Safe from the Storm
by: Jon Crane
Saturday Ramblins, Vol. 2, No. 9 (May 1, 1999)
(Pub. Note: Hurricane Georges was heading straight for New Orleans on Sunday morning, September 27, 1998. For the first time in history, city and parish officials called for an evacuation of the Crescent City. Thousands packed their cars and fled. This is the story of 50 of those refugees. The article first appeared in The Living Church, November 8, 1998.)
As Hurricane Georges bore down on the Gulf Coast, nearly a million worried people evacuated southern Louisiana, including several hundred thousand from New Orleans. About 50 of these refugees found a gratifying experience with another George.
St. Michael's [Episcopal] Church is located in Pineville, La., in the Diocese of Western Louisiana. Its rector, the Rev. George Gennuso, Jr., heard of the many people fleeing north looking for refuge. He informed the Red Cross that he'd be able to take up to 75 people and house them at the church.
On Sunday morning, Sept. 27, Fr. Gennuso asked the members of his congregation if they would help anyone seeking refuge at the church. Without hesitation, they agreed. However, an elderly parishioner, Miss Ruth, celebrating her 97th birthday, asked him with a sly smile, "Have you ever considered that you might want to change your name? The people left Georges to come to George."
By 2 p.m., the first of 50 people arrived, directed from Interstate Highway 49 by signs posted by St. Michael's parishioners. Most were families and came unprepared, with only the clothes they were wearing, and a few treasured possessions.
Members of the congregation supplied blankets, pillows and other necessities for the refugees. Although the Red Cross had promised food for those housed in the parish hall and Sunday school classrooms, the congregation prepared all the meals and served them, with no thought of compensation.

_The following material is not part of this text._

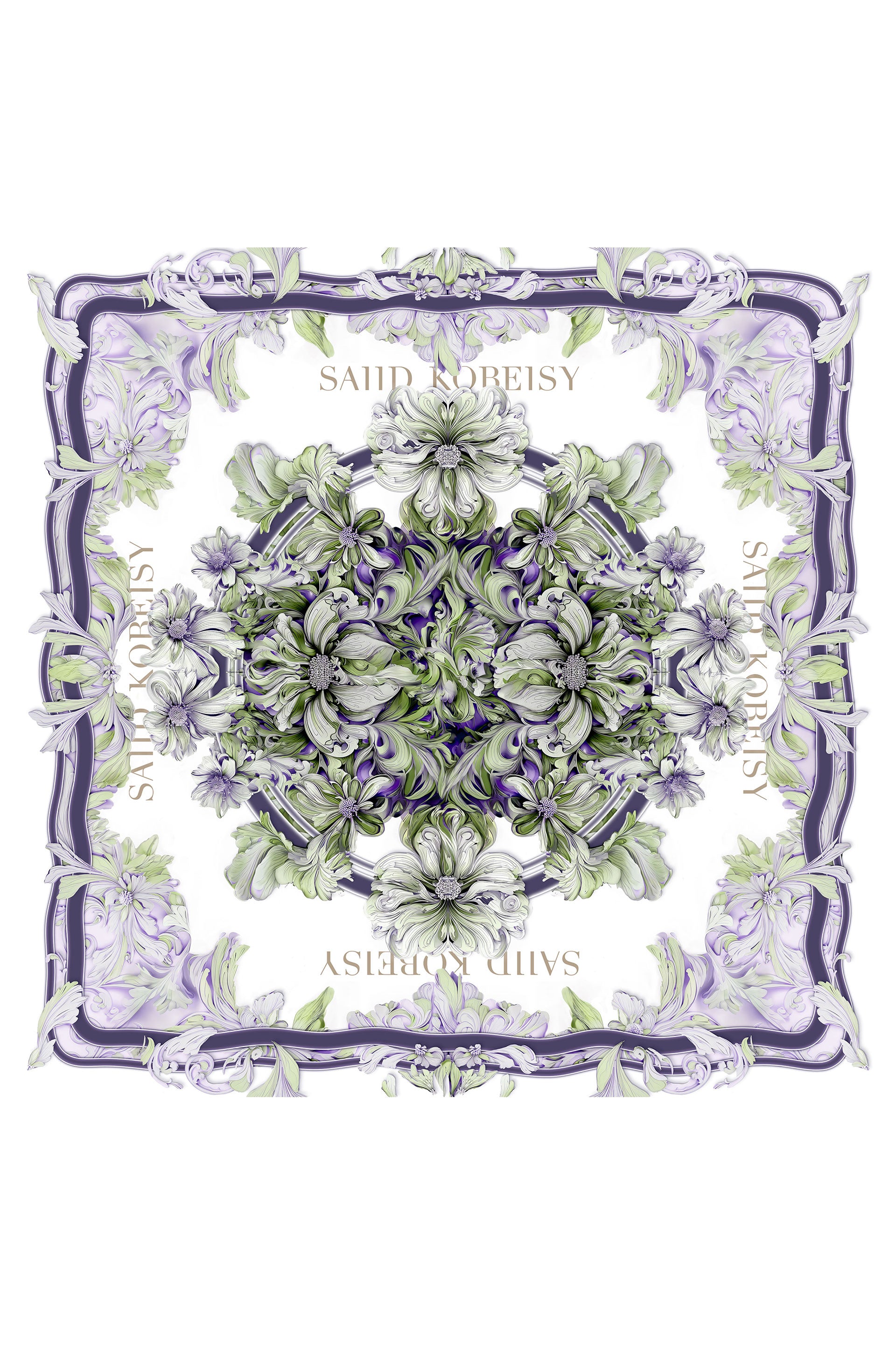 This scarf features a printed flower pattern inspired by the enchanting honeysuckle flower. The harmonious blend of purple and lime green hues creates a lively and refreshing aesthetic.

"It made me feel like I was in the right place," said Fr. Gennuso, who has been rector at St. Michael's for only three months. "It taught me what 'servinghood' is all about."
From Sunday afternoon until Tuesday morning, St. Michael's was home for families trying to keep out of harm's way. They had fled the threat of a storm named Georges and found safety, caring and Christian love in the arms of a congregation led by a man named George, two names they will never forget.